Work required: What you give back from the listing below should be an exact copy of the lines from the one with "재해복구사업(모곡양수장) 저압반 제조 구매 계약 |" down to the one with "Be sure that the property", and it should contain no pictures.
Recorded data START
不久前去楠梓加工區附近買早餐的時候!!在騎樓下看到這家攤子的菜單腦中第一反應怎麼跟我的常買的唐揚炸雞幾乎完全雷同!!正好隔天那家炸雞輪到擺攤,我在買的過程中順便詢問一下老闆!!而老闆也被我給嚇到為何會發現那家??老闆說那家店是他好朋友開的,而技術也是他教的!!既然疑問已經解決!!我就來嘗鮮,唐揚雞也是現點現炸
Recorded data END
Recorded data START
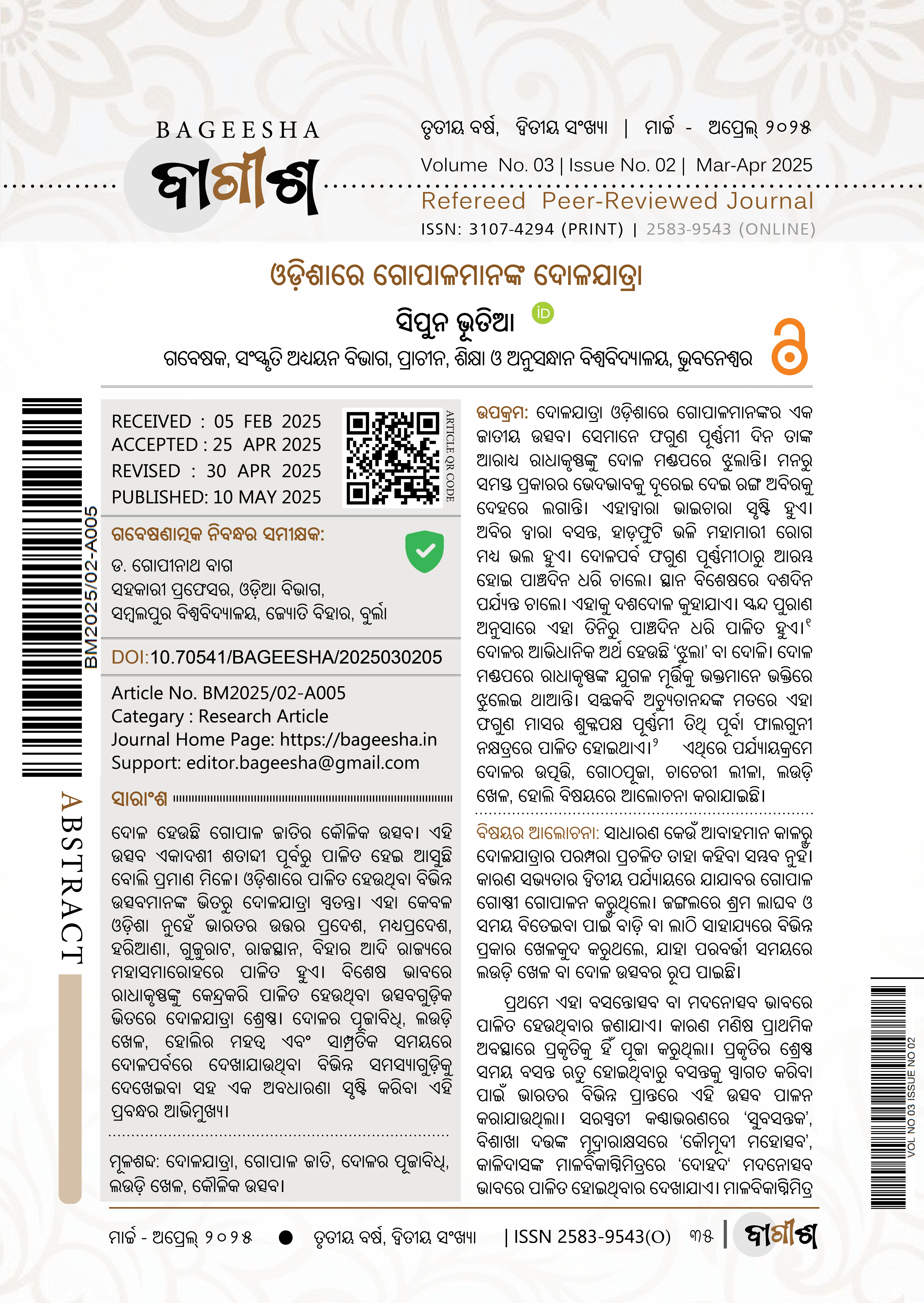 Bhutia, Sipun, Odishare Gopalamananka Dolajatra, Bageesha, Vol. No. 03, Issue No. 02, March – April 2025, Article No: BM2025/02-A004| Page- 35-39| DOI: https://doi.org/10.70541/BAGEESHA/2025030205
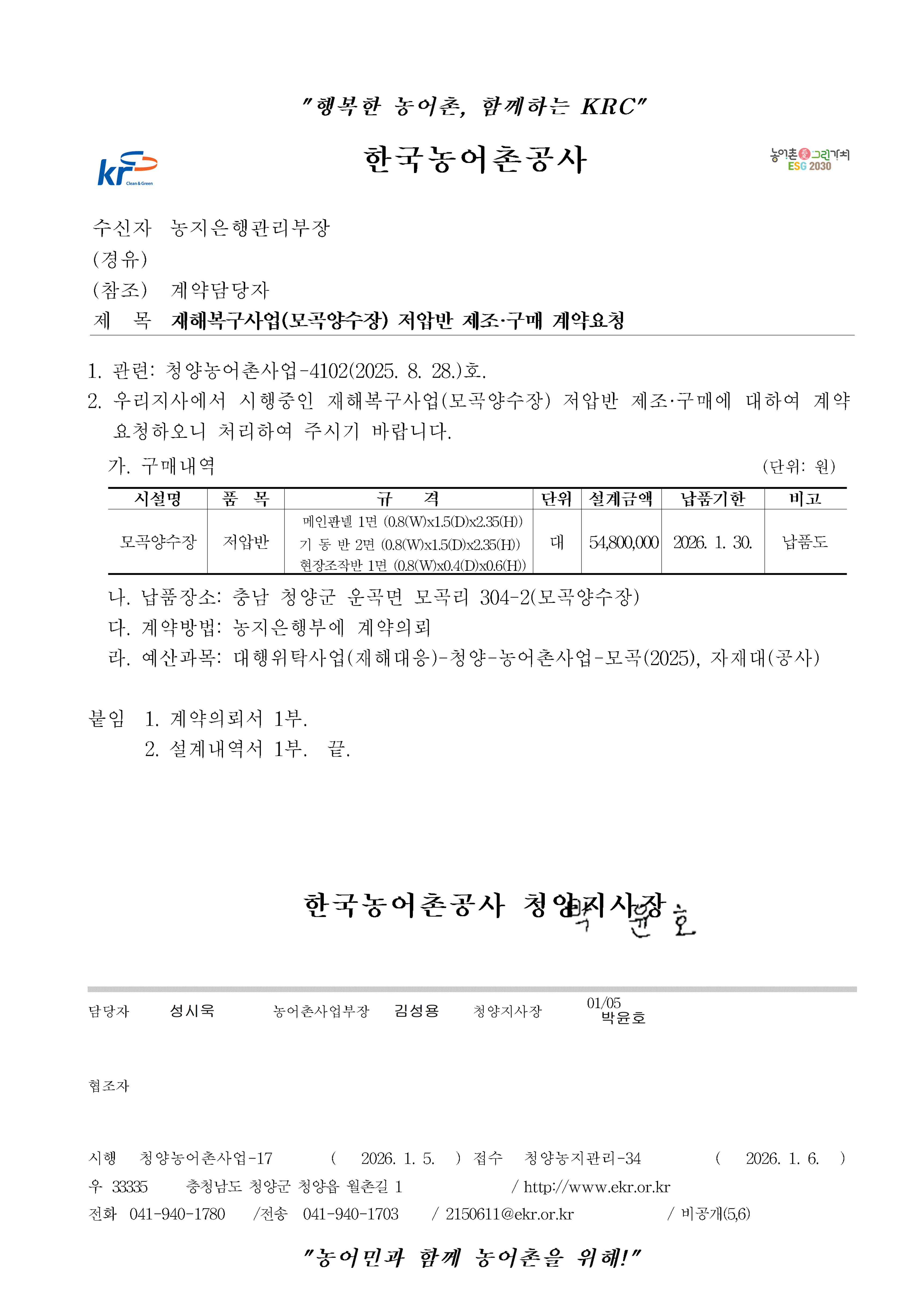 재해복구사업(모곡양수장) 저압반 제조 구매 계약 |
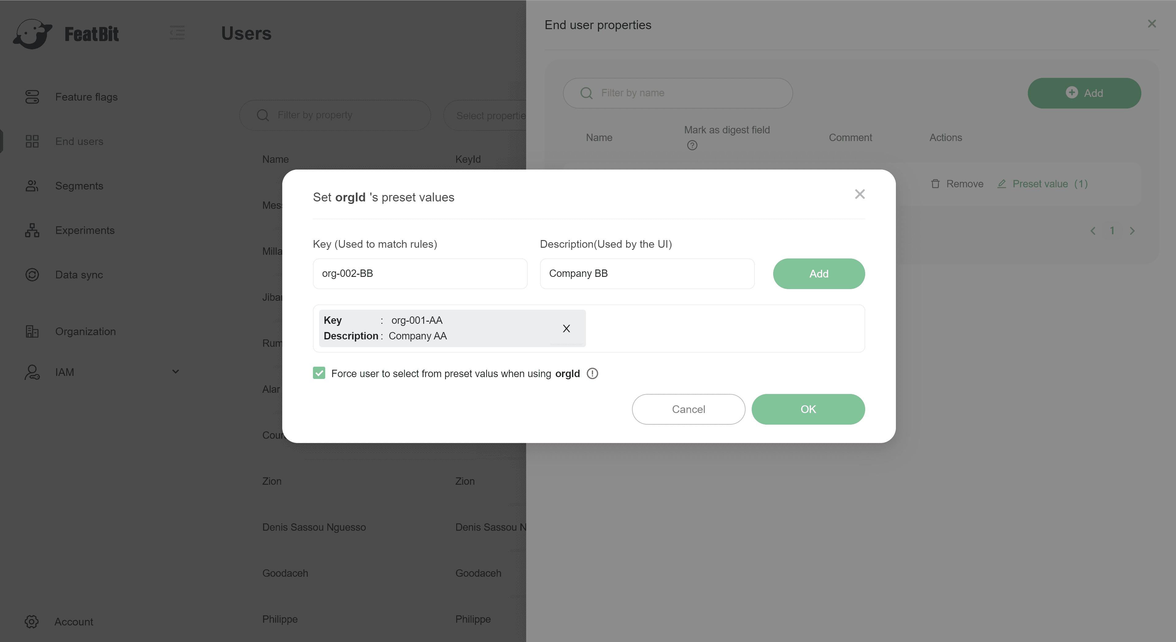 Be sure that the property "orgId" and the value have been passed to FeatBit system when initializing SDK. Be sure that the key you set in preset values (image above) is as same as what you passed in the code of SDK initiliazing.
Recorded data END
Recorded data START
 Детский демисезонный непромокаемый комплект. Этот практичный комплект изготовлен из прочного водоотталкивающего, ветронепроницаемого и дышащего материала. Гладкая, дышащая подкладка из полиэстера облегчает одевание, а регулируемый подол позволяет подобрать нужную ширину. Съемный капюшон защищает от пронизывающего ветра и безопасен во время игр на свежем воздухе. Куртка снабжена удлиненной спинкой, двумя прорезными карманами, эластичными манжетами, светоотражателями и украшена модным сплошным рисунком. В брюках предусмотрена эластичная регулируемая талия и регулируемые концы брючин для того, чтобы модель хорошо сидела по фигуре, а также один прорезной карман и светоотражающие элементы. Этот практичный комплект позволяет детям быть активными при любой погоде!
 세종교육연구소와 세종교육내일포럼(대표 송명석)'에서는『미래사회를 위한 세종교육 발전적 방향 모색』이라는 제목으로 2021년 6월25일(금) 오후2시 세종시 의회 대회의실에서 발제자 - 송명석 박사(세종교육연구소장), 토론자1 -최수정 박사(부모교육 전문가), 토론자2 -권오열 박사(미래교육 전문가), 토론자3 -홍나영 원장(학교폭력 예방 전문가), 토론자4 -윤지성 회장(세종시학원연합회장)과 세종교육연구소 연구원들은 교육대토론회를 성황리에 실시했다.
Recorded data END
Answer area:
 재해복구사업(모곡양수장) 저압반 제조 구매 계약 |
 Be sure that the property "orgId" and the value have been passed to FeatBit system when initializing SDK. Be sure that the key you set in preset values (image above) is as same as what you passed in the code of SDK initiliazing.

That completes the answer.